Problem statement: Please write back every entry exactly, character for character.

Exercise material:
# # # #

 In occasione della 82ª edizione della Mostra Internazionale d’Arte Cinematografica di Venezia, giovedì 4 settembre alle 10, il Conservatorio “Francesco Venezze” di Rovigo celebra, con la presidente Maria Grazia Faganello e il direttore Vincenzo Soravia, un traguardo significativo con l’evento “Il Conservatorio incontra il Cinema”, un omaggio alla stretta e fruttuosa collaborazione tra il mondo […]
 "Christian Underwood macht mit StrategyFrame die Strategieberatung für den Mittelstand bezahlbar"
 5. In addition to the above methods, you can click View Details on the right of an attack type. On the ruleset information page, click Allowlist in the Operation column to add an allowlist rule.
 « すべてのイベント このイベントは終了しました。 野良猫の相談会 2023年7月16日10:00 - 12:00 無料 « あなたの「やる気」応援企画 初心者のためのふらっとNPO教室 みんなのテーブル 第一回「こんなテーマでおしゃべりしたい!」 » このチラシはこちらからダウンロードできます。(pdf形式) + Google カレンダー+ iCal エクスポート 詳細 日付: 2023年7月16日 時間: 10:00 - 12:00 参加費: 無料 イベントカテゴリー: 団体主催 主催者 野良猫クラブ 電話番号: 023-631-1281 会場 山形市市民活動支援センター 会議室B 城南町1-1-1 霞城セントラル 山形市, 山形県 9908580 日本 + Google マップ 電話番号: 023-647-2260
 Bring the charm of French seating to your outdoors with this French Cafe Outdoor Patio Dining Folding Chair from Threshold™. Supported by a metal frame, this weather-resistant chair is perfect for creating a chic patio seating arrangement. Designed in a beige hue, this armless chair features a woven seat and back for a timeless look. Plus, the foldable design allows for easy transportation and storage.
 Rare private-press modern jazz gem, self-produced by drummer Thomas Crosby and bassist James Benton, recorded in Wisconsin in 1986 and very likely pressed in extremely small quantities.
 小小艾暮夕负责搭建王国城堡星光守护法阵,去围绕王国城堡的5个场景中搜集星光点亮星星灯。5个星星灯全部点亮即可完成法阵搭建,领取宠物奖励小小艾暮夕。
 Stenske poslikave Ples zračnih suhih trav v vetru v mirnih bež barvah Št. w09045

# # # #

Reply to the task:
 In occasione della 82ª edizione della Mostra Internazionale d’Arte Cinematografica di Venezia, giovedì 4 settembre alle 10, il Conservatorio “Francesco Venezze” di Rovigo celebra, con la presidente Maria Grazia Faganello e il direttore Vincenzo Soravia, un traguardo significativo con l’evento “Il Conservatorio incontra il Cinema”, un omaggio alla stretta e fruttuosa collaborazione tra il mondo […]
 "Christian Underwood macht mit StrategyFrame die Strategieberatung für den Mittelstand bezahlbar"
 5. In addition to the above methods, you can click View Details on the right of an attack type. On the ruleset information page, click Allowlist in the Operation column to add an allowlist rule.
 « すべてのイベント このイベントは終了しました。 野良猫の相談会 2023年7月16日10:00 - 12:00 無料 « あなたの「やる気」応援企画 初心者のためのふらっとNPO教室 みんなのテーブル 第一回「こんなテーマでおしゃべりしたい!」 » このチラシはこちらからダウンロードできます。(pdf形式) + Google カレンダー+ iCal エクスポート 詳細 日付: 2023年7月16日 時間: 10:00 - 12:00 参加費: 無料 イベントカテゴリー: 団体主催 主催者 野良猫クラブ 電話番号: 023-631-1281 会場 山形市市民活動支援センター 会議室B 城南町1-1-1 霞城セントラル 山形市, 山形県 9908580 日本 + Google マップ 電話番号: 023-647-2260
 Bring the charm of French seating to your outdoors with this French Cafe Outdoor Patio Dining Folding Chair from Threshold™. Supported by a metal frame, this weather-resistant chair is perfect for creating a chic patio seating arrangement. Designed in a beige hue, this armless chair features a woven seat and back for a timeless look. Plus, the foldable design allows for easy transportation and storage.
 Rare private-press modern jazz gem, self-produced by drummer Thomas Crosby and bassist James Benton, recorded in Wisconsin in 1986 and very likely pressed in extremely small quantities.
 小小艾暮夕负责搭建王国城堡星光守护法阵,去围绕王国城堡的5个场景中搜集星光点亮星星灯。5个星星灯全部点亮即可完成法阵搭建,领取宠物奖励小小艾暮夕。
 Stenske poslikave Ples zračnih suhih trav v vetru v mirnih bež barvah Št. w09045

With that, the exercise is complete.